Policiais do Setor de Investigações Gerais (SIG), lotados na Delegacia Seccional de Osasco (Grande SP) seguiram na manhã deste domingo nas buscas ao estudante Carlos Eduardo Sundfeld Nunes, de 24 anos, principal suspeito de assassinar o cartunista Glauco Vilas Boas, de 53, e de seu filho Raoni, 25. No final da tarde deste sábado, os investigadores descobriram a identidade do proprietário do Gol cinza, veículo usado na fuga de Carlos ao fugir do local onde matou o cartunista. O nome do suspeito de cumplicidade no crime ainda não foi divulgado, para não dificultar sua apresentação à delegacia, o que já estaria sendo negociado.
Os detetives já entraram em contato com a família do motorista do carro, que também está foragido, mas negocia com a polícia a apresentação na delegacia. Segundo informe oficial, a polícia chegou até o motorista e proprietário do veículo pela placa do automóvel, localizado na noite passada com avarias, em Pinheiros, bairro na Zona Oeste de São Paulo.
O delegado Archimedes Cassão Veras Júnior, líder das investigações, revelou que se trata de um jovem paulistano.
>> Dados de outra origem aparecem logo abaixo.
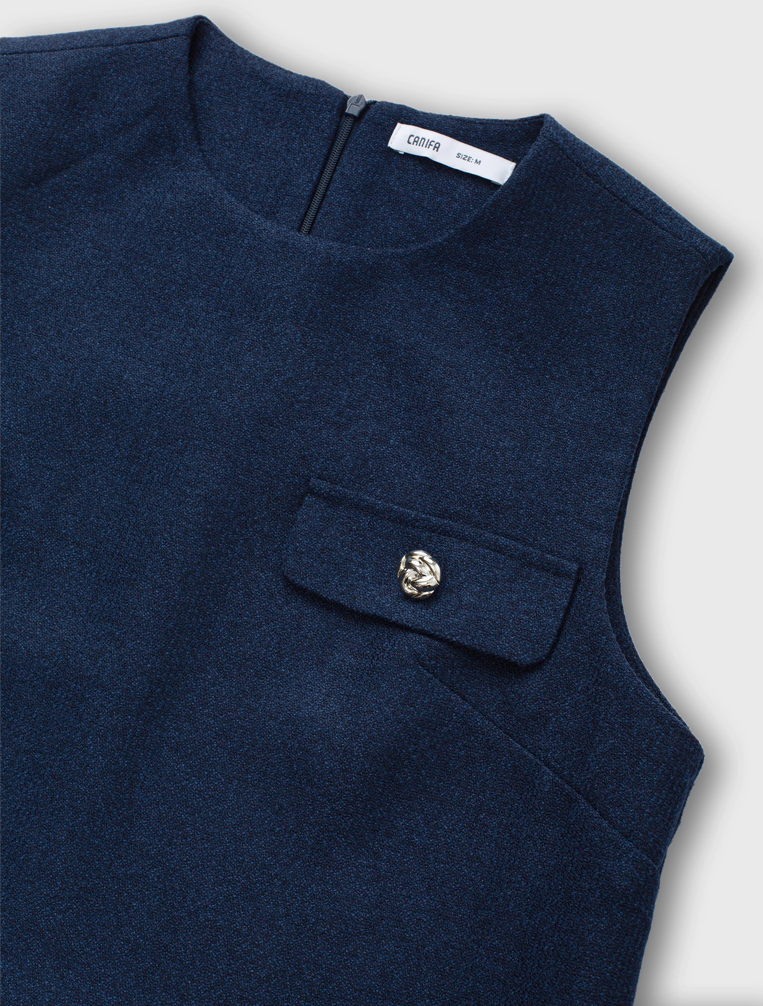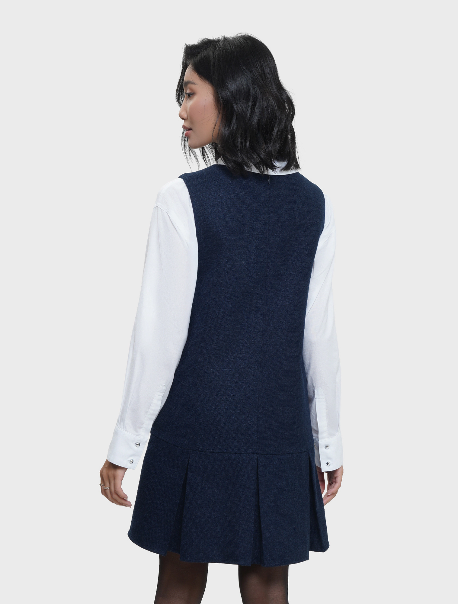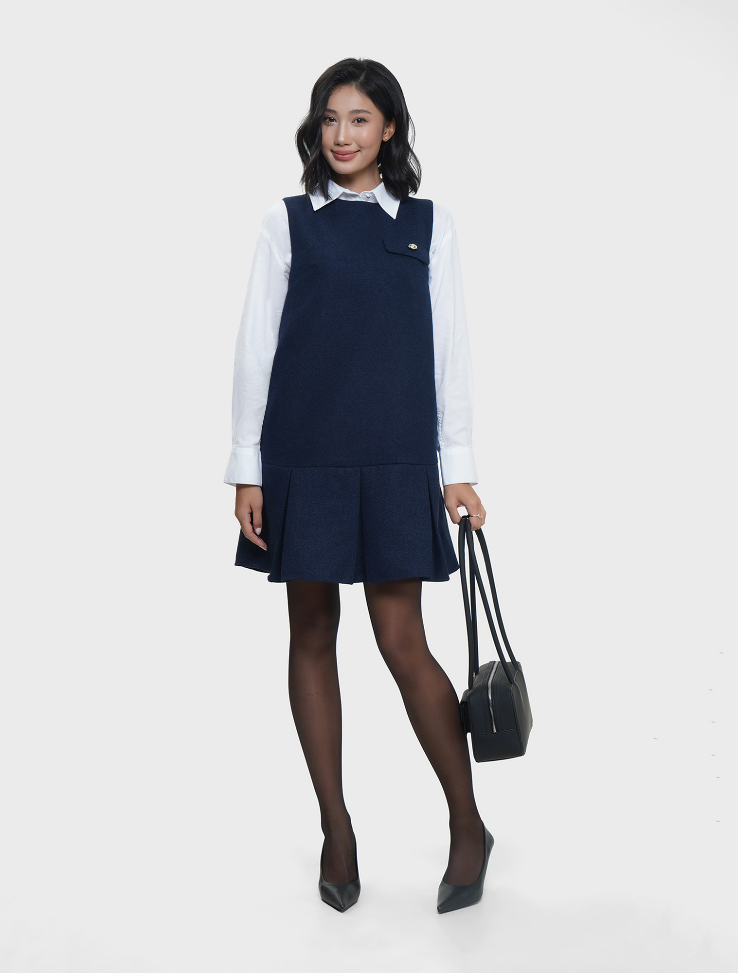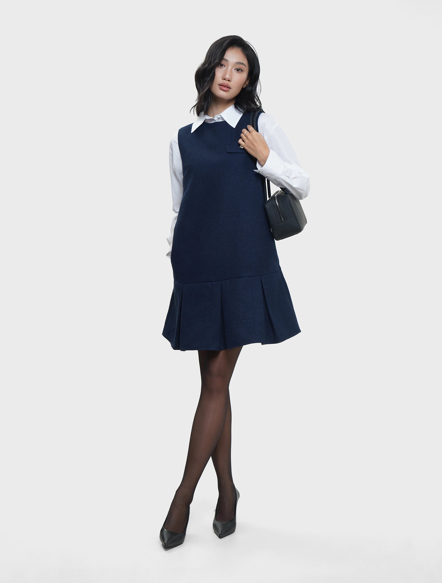 Váy liền nữ sát nách, dáng suông, chất liệu dạ ấm áp. Hoàn cảnh sử dụng linh hoạt công sở, dạo phố, lễ hội.

Os policiais foram até a casa do suspeito, horas após confirmada a localização do indivíduo, mas ele não se encontrava. As equipes policiais foram contatadas, em seguida, por um advogado, com procuração da família, para negociar as condições para que o jovem se entregasse. Entre as exigências feitas pela família é que ele se apresente em outra delegacia que não seja a seccional de Osasco, que coordena as investigações, para evitar o assédio da imprensa.
O suspeito deve se entregar no início desta semana, acredita o delegado Veras Júnior, que visa esclarecer a real participação do jovem no episódio e esclarecer se apenas deu carona ao possível assassino, sem saber de suas intenções, ou se já conhecia as intenções do autor dos disparos e compactuava com elas.
O crime
O cartunista Glauco Vilas Boas, e de seu filho Raoni, foram assassinados a tiros na casa do cartunista, em Osasco, na Grande São Paulo, durante a madrugada de sexta-feira. Testemunhas disseram que o suspeito chegou ao local e rendeu a enteada de 30 anos, que mora em uma casa no mesmo terreno. Glauco e a mulher Bia ouviram gritos, foram ao quintal, e começaram a conversar com Nunes.
Ele era conhecido da família por já ter frequentado a igreja Céu de Maria, que segue os princípios do Santo Daime e foi fundada por Glauco. Ainda segundo as testemunhas, Cadu, como era conhecido o estudante, armado com uma pistola automática, delirava e queria levar todos para a casa de sua mãe, em São Paulo, com o objetivo de afirmarem à mulher que ele era Jesus Cristo.
Glauco tentava negociar com Nunes para ir sozinho e chegou a ser agredido, mas não reagiu, segundo apurou o delegado Veras Júnior. Em meio à discussão, porém, Raoni chegou ao local de carro. Ato seguinte, Cadu teria atirado contra pai e filho, embora os motivos ainda não tenham sido descobertos. Ambos chegaram a ser atendidos no hospital da cidade, mas não suportaram os ferimentos.
Os corpos do cartunista e de seu filho Raoni foram enterrados na manhã de sábado, no cemitério Gethsêmani Anhanguera, na Zona Norte de São Paulo.